The train stopped. His bodyguards got up, ready to precede him out onto the platform. Looking out there, one of them said, "It's all right. Willy Knight's there waitin' for us."
"Hell it's all right, Pete," another guard said. "What if that Knight bastard's the one who wants to try and get rid o' the boss?"
Pete, an innocent soul, looked shocked. Jake wasn't. Willy Knight's Redemption League might have swallowed up the Freedom Party instead of the other way round. It hadn't, though, and Knight couldn't be happy that he wasn't the biggest fish in the pond, the way he'd dreamt of being. Still… "If he wants to put me six feet under, reckon he can do it," Featherston said. "This is his part of the country; he can hire more guns than I can bring along. But if you stick your head in the lion's mouth and get away with it, after that the lion knows who's number one. That's what we're gonna do here."
When Jake stepped out onto the platform, the band struck up a sprightly version of "Dixie." People cheered. Jake took off his hat and waved it. Willy Knight stepped forward to shake his hand. As the two Freedom Party leaders met, photographers took pictures. The flashes made Featherston's eyes water.
"Welcome to Texas, Jake-what's left of it," Knight said, a broad smile on his handsome face.
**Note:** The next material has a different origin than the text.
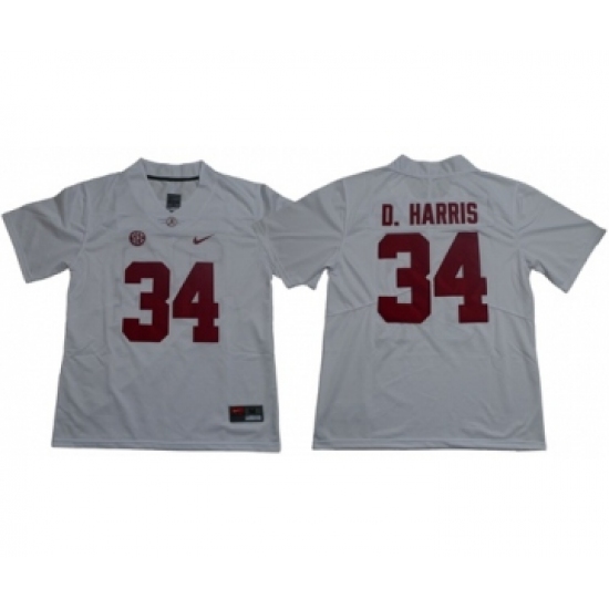 >Crimson Tide #34 Damien Harris White Limited Stitched NCAA Jersey

"Thank you kindly, my friend." Featherston lied through his teeth. "We'll see what we can do about getting back what the USA stole from us."
"How are you going to do that?" a reporter shouted. "The Yankees won't pay any attention to us."
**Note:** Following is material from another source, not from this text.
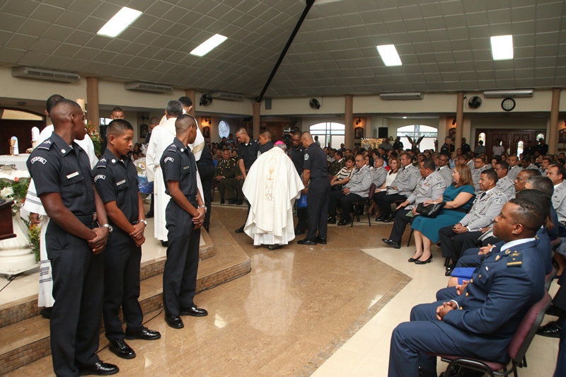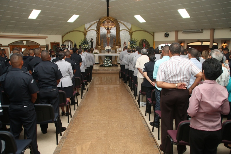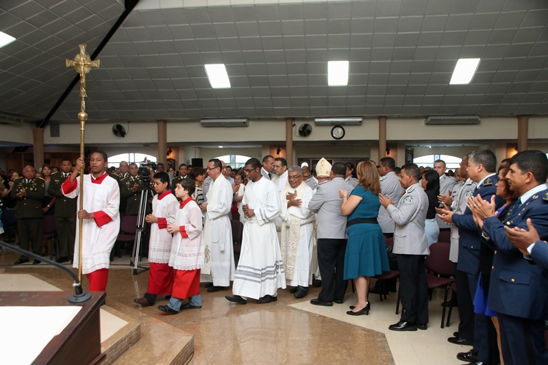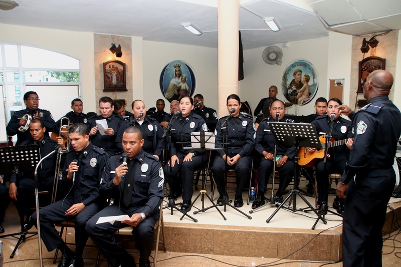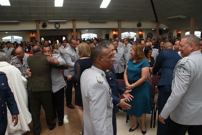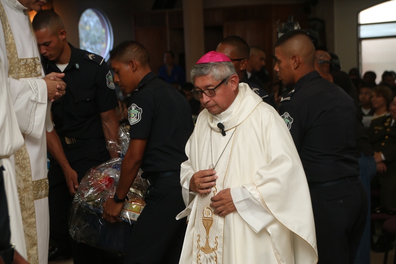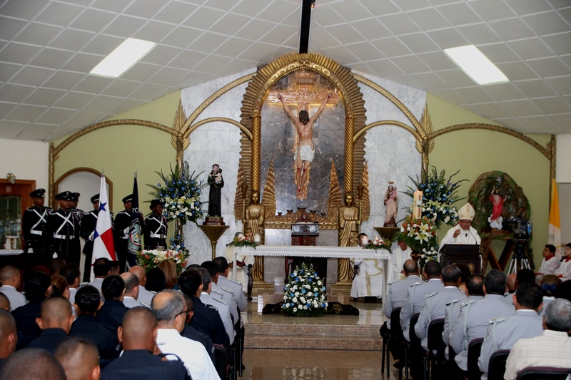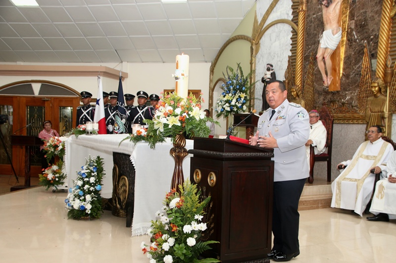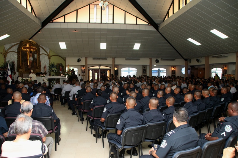 Una misa eucarística presidida por el reverendo Pedro Hernández Cantarero, Obispo del Vicariato Apostólico del Darién fue realizada en la Parroquia San Antonio de Padua en conmemoración del 79 Aniversario de la Policía Nacional de Panamá. También estuvo asistiendo el reverendo Padre Edgar Flores, Capellán de la Policía Nacional y el Padre Juan Sandoval, Párroco de la Iglesia de San Antonio. El Director General de la Policía Nacional, Omar Pinzón y su señora esposa Nacelys de Pinzón además de miembros del Directorio Policial, altos oficiales, mandos medios con sus esposas, familiares y amigos de la institución. “Estamos muy contento por estar aquí, con nuestra iglesia Católica, esta humilde comunidad que es la Policía Nacional y los demás estamentos que nos acompañan, necesitamos fortalecer la labor que realizamos día a día, a favor de ustedes, buscando el fortalecimiento espiritual a través de la Palabra de Dios” expresó el Director de la Policía Nacional Omar Pinzón. Destacó que la Policía Nacional está para “proteger y servir”, pero siempre bajo el paraguas de nuestro señor. El Obispo Hernández Cantarero, les recordó a los miembros de la Policía Nacional, el valor del amor en el desempeño de su labor policial, la cual se deber realizar con entrega e intensidad al servicio de los demás. Para el Obispo Hernández es muy fácil hablar de amor, pero en su opinión esto no es algo que se queda en la superficialidad. “Muchas veces en la vida decimos que amamos pero no hay intensidad, confianza ni valorización que nos dice renuncia a ti mismo y entrégate al servicio de los demás, esa es la realidad de la Policía Nacional en estos 79 años y el tiempo que le queda, porque luego viene el año 80. “Cada día la vida nos está dando hombres sin valores sin sentido, cuando no hay estos, entonces perdemos el sentido de la entrega de la disponibilidad, la integridad y el valor de dar la vida por la patria”, añadió Hernández. El Vicario del Darién recordó que no basta solamente la honradez sino que también es importante la autenticidad, sin ellas todo se queda en nada en el vacío. El amor que es servicial y nos da todo a cambio de nada, nos invita a hacer lo que decía San Agustín, ama y haz lo que sea. Que todo lo que hagas sea por amor. “Como dice San Juan de La Cruz, a la caída del ocaso, Dios te pedirá cuenta de tu amor, no de tu honradez ni intensidad. Y como dijo Jesucristo cuando ustedes se amen de verdad, entonces conocerán que son mis discípulos”, destacó Hernández.

"They don't have to pay any attention to the CSA, not as long as the Whigs hold on to Richmond," Jake answered. "The Whigs say we lost the war, and so we're stuck-stuck forever. And we are, too, long as we think that way. But even the Yankees knew better. After we whipped 'em, they set up Remembrance Day so they wouldn't forget what happened. The Whigs want to forget-they want to pretend all their mistakes never happened at all. And they want the country to forget. Me, I don't intend to."
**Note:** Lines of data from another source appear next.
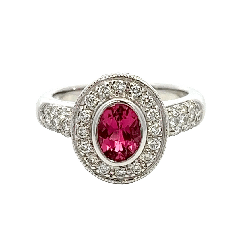 Check out this stunning pink tourmaline estate ring! A truly captivating ring that combines elegance and sophistication. This timeless ring makes a statement with its stunning gemstones and exquisite craftsmanship. This lady’s ring features .80 carat pink tourmaline and diamonds that total 1.38 carats. 18k. The ring is about 1/2″ long at the top. Ring size 6.5.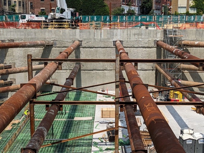 • Configured bracing to avoid proposed elevator shafts and shear walls and phased excavation to maintain access for adjacent property deliveries.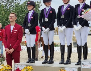 Grillo was the only woman between 1976 and 1986 who made it onto the German dressage team. Here with Uwe Sauer (left), Dr. Uwe Schulten-Baumer junior (2nd from left) and Harry Boldt (right) at Aachen 1978.

"That's right." Willy Knight nodded vigorously. "That's just exactly right. Here in Texas, we live with that every day when we look west and see what the United States did to us."
The reporters scribbled. Jake sent Knight a sour look. The Texan wanted to be part of the story, too. If you wanted to horn in on this, why'd you invite me out here to the middle of nowhere? Featherston thought. But he knew the answer, knew it all too well. Because you still want to be top dog, that's why, you son of a bitch. Most ways, having ambitious men in the Party was wonderful. They worked hard, for their own good as well as its. But having them here meant Jake could never stop watching his back.
"I'm making my main speech at a park west of town, isn't that right?" he asked Knight, though he also knew that answer. "Almost within spitting range of what they call Houston. Spitting's not half what they deserve, either."